Given these realities, you may prefer to use normal font sizes and just break up the matrix B into four submatrices, each one containing "just" four columns.
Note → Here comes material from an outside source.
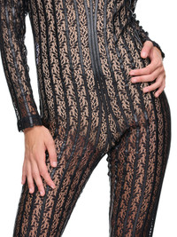 SITUATIONIST bodysuit in black, lace design, semi-sheer, seam detailing, stand neck collar, long sleeves, back zip closure, sculpted-fit. Made in Georgia Italian Sizing Model is 5'9" wearing size 36. Bust: 32" Waist: 24" Hip: 34"

Note that you won't actually use more physical or virtual pages with this approach than if you display the entire matrix (using a nearly microscopic font size...) in rotated (landscape) mode.

This idea is implemented in the following MWE.
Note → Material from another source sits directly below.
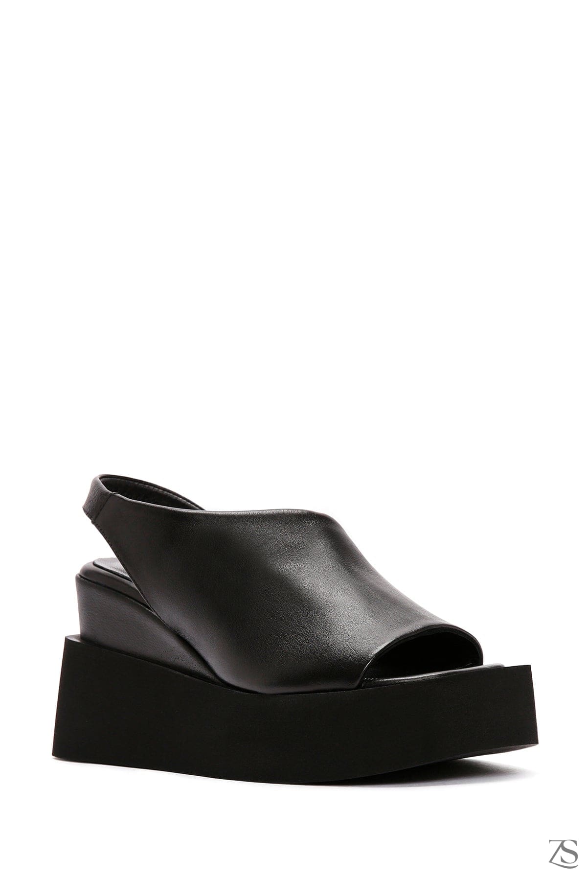 Kadın Siyah Dolgu Topuklu Deri Sandalet

enter image description here

\documentclass{article}
\usepackage[margin=1in]{geometry}
\usepackage{mathtools} % mathtools is a superset of amsmath
\allowdisplaybreaks
\begin{document}
\arraycolsep=3pt % amsmath xmatrix default is 5pt
Let $B = B_1 \mid B_2 \mid B_3 \mid B_4$ (the horizontal concatenation of the four matrices), where
\begin{align*}
 B_1 &= \begin{bmatrix} 
 -\dfrac{(\xi_2-1)(2\xi_1+\xi_2)}{4\alpha_1}  & 0 & 
 -\dfrac{(\xi_2-1)(2\xi_1-\xi_2) }{4\alpha_1} & 0 \\[1.6ex]
0 & -\dfrac{(\xi_1-1)(2\xi_2+\xi_1)}{4\alpha_2} & 
0 & -\dfrac{(\xi_1+1)(-2\xi_2+\xi_1)}{4\alpha_2} \\[1.6ex]
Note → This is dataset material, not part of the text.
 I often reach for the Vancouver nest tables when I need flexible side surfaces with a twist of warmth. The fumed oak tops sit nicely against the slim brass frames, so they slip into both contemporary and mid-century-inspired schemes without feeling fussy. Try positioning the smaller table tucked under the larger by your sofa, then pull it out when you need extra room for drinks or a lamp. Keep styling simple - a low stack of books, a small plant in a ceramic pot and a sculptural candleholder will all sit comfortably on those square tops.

 -\dfrac{(\xi_1-1)(2\xi_2+\xi_1)}{4\alpha_2} &  
 -\dfrac{(\xi_2-1)(2\xi_1+\xi_2)}{4\alpha_1} &
 -\dfrac{(\xi_1+1)(-2\xi_2+\xi_1)}{4\alpha_2} & 
 -\dfrac{(\xi_2-1)(2\xi_1-\xi_2)}{4\alpha_1} 
\end{bmatrix}\,,\\[2ex]
 B_2 &= \begin{bmatrix} 
 \dfrac{(\xi_2+1)(2\xi_1+\xi_2)}{4\alpha_1} & 0 &  
 \dfrac{(\xi_2+1)(2\xi_1-\xi_2)}{4\alpha_1} & 0  \\[1.6ex]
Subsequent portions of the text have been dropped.